Ещё издали слышу, как Полкан скулит под дверью, бросаю вещи в снег и распахиваю дверь. Но даже самые худшие мои опасения оказываются лучше действительности.
Она.
Я неуверенно улыбаюсь рыжему.
– Здравствуйте, хозяйка, – удивляется тот. – Вот уж чего не ожидал, того не ожидал.
– Здравствуйте, – рассеяно отвечаю, не зная, что говорить и нужно ли. – Вы к Тихону?
– Конечно, милая девушка, – он смеётся, – приехал на праздники к другу, чтобы не заскучал, а он, смотрю, и не скучает! В дом пригласите?
– Заходите, – ахаю я. – Вы же устали с дороги!
Суечусь, разогреваю обед, который превращается в ужин, и попутно слушаю гостя. Хотя… Какого гостя? Мы оба тут гости в ожидании хозяина.
– Меня Виктор зовут, а вас?
– Меня зовут Севиндж.
– Красивое имя. Откуда ты?
Я теряюсь. Сказать правду? Боязно. Я же совсем его не знаю.
– Из Москвы, – отвечаю по последнему месту пребывания.
– Ого, – присвистывает он. – Далеко тебя занесло. И когда Тихон в Москву за таким сокровищем успел сгонять?
Я вежливо улыбаюсь, но вопрос игнорирую.
– Вы кушайте, а то стынет. Сегодня холоднее в доме, не успеваю печь топить.
– Тихон на обходе?
– Да.
– Ну не скоро ещё придёт, – усмехается рыжий, и мне чудится, что недобро осматривает меня.
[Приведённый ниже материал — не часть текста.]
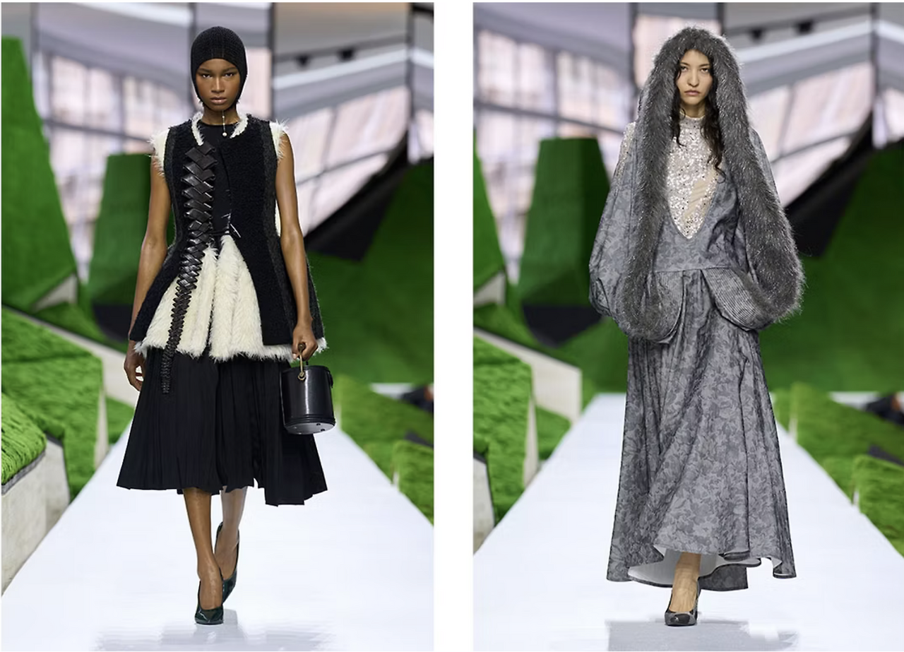여러 시즌 동안 미니멀리즘과 ‘조용한 럭셔리’가 지배해온 이후, 일부 럭셔리 브랜드들은 패션을 다시 사회적 차별화 수단으로 재정립하기 위해서 화려한 로코코 스타일을 꺼내고 있습니다. 럭셔리 시장이 대중화되면서 포화 상태에 다다른 것에 대응하여 이러한 실루엣은 즉각적인 시각적 차별성을 만들어냅니다. 이는 소셜 네트워크가 트렌드 생성과 소멸을 끊임없이 가속화하는 이미지 경제 속에서 중요한 균형을 담당하는 역할을 할 듯 합니다. 럭셔리 및 프리미엄 시장에서 높이 평가되는 공방 장인 기술(savoir-faire) 가치를 강조하고 더 나아가 실루엣이 복잡해지면 경쟁이 치열한 환경에서 디자인 모방이 더욱 어려워질 수 있습니다.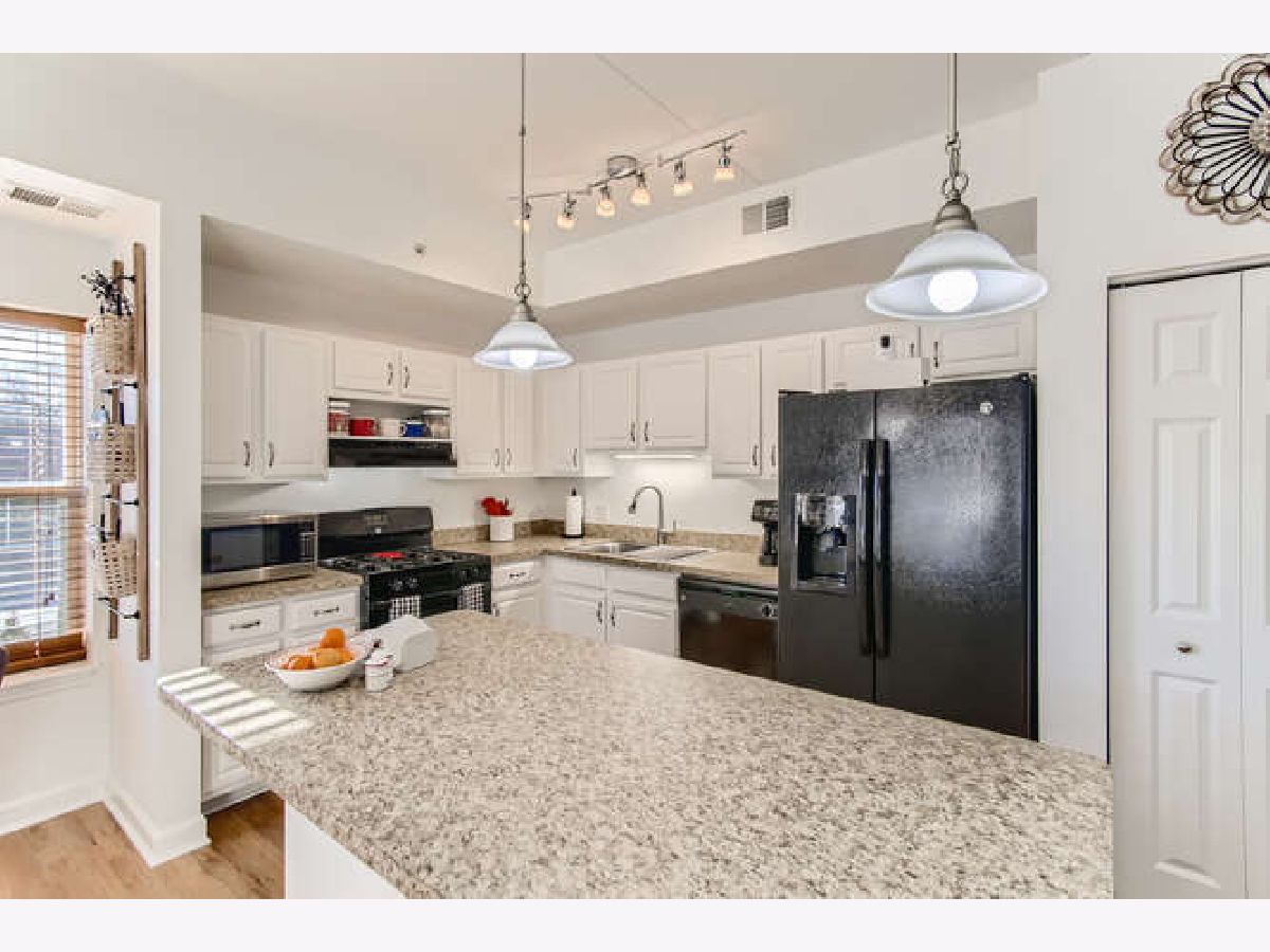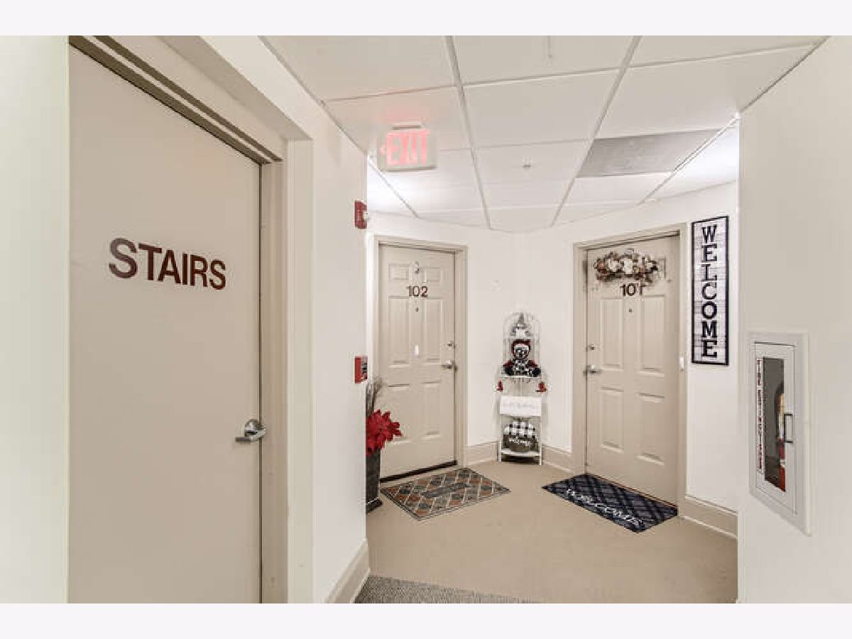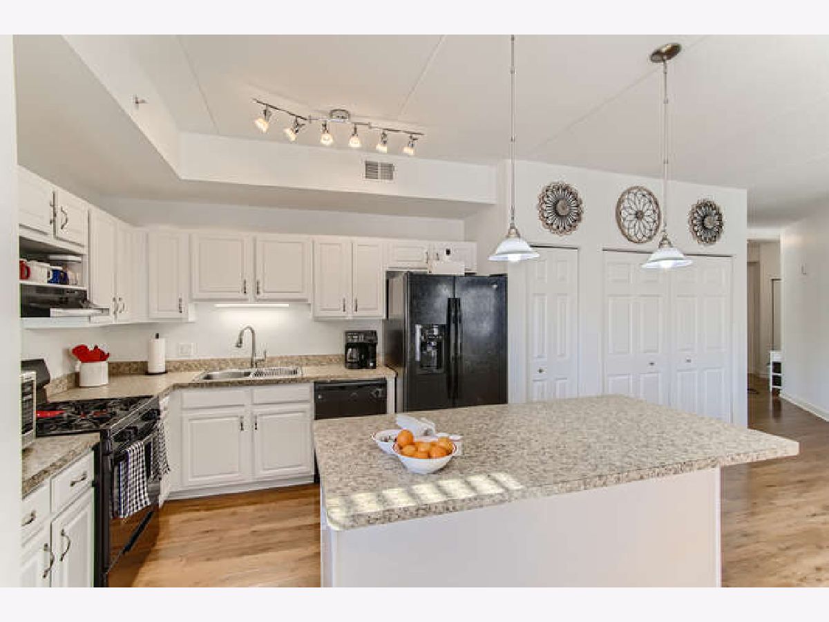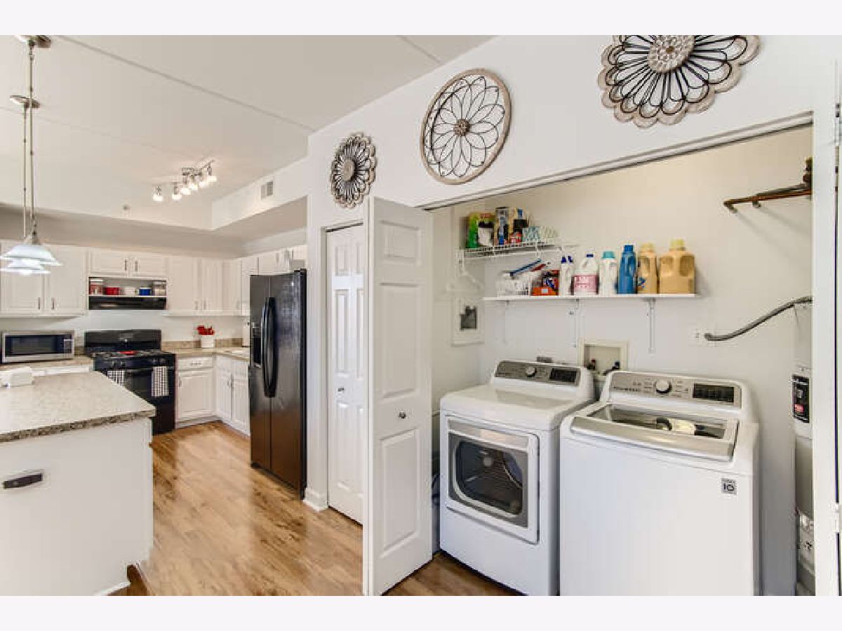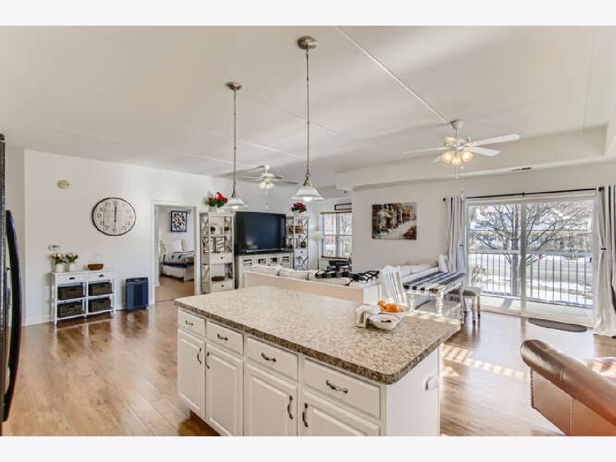 LIGHT & BRIGHT corner unit with southern & eastern exposure in exceptional active adult community at River Crossing! Wonderful 1st floor location with covered balcony & interior stairway to heated garage parking directly below! Delightfully updated including freshly painted interior & open great room with rich Pergo Ultra flooring! Professionally painted white kitchen cabinetry is complimented by Applewood floor! Primary Bedroom Suite features walk-in closet, linen closet, double vanity, soaking tub & separate shower! Convenient in-unit laundry! Spacious guest bedroom w/2nd full bath! 9 ft ceilings throughout! All new HVAC system (Furnace & A/C) in July 2020 & new H20 heater in 2016! Self-managed building results in super reasonable HOA fees, which include water & garbage pickup! There is also a water softener which services the entire building! Wide interior hallways, spacious Activity Room with kitchen & bath, fully equipped Exercise Room, & Storage Room with large individual lockable spaces! Superbly constructed brick & concrete building deadens sound between units, is sprinklered, has secure entry, 2 elevators & is ADA compliant. A convenience store & Visiting Angels are also housed within the building to serve the residents. Enjoy the nearby Fox River bike path & riverfront parks! Not to be missed, this is a compelling value!!!

– Обещал к обеду вернуться, – говорю, – видимо, задержаться пришлось.
– Видимо, – соглашается со мной и налегает на еду.
А ещё больше – на выпивку. Я догадываюсь, что и по пути согревался.
– Расскажи-ка, хозяюшка, зачем подалась из шумного города в лес глухой?
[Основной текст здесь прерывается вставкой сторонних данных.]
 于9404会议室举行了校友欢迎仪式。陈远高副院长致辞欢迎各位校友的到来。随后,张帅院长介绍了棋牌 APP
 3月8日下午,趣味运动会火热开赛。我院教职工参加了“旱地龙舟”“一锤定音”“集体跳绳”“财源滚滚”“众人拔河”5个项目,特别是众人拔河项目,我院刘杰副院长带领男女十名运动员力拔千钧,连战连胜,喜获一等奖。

– Я погостить приехала, на праздник, – вру я. Впервые в жизни!
– Молодец. – хвалит, глядя маслеными глазами. – Тихон стоит того, чтобы приехать за ним в глушь. Прыткая ты девчушка, я вижу.
– Я не понимаю, о чём вы.
– Да не строй из себя дуру! Не понимает! – он смеётся. – Хлопаете тут все глазами, изображая невинность, а на самих пробы негде поставить.
– Вы устали с дороги, – твержу я, – нам лучше прекратить разговор. Мне не нравятся ваши намёки.
И откуда силы взялись перечить взрослому мужчине? Где воспитание? Но я отталкиваю непрошеные мысли из головы, знаю, что в случае чего не справлюсь с таким бугаем.
– Извините, девушка, я малость перебрал. Не хочу злить Тихона, прилягу пока, и всё останется между нами, договорились?
– Хорошо, – с облегчением выдыхаю я.
Он заваливается на постель прямо поверх покрывала, а я становлюсь мыть посуду: заливаю её кипятком из чайника, наполняю и ставлю на электрическую плиту свежий. Водопровода в доме нет, как и газа. Хорошо ещё, что электричество подведено!
За весёлым шкварчанием чайника я не слышу других звуков.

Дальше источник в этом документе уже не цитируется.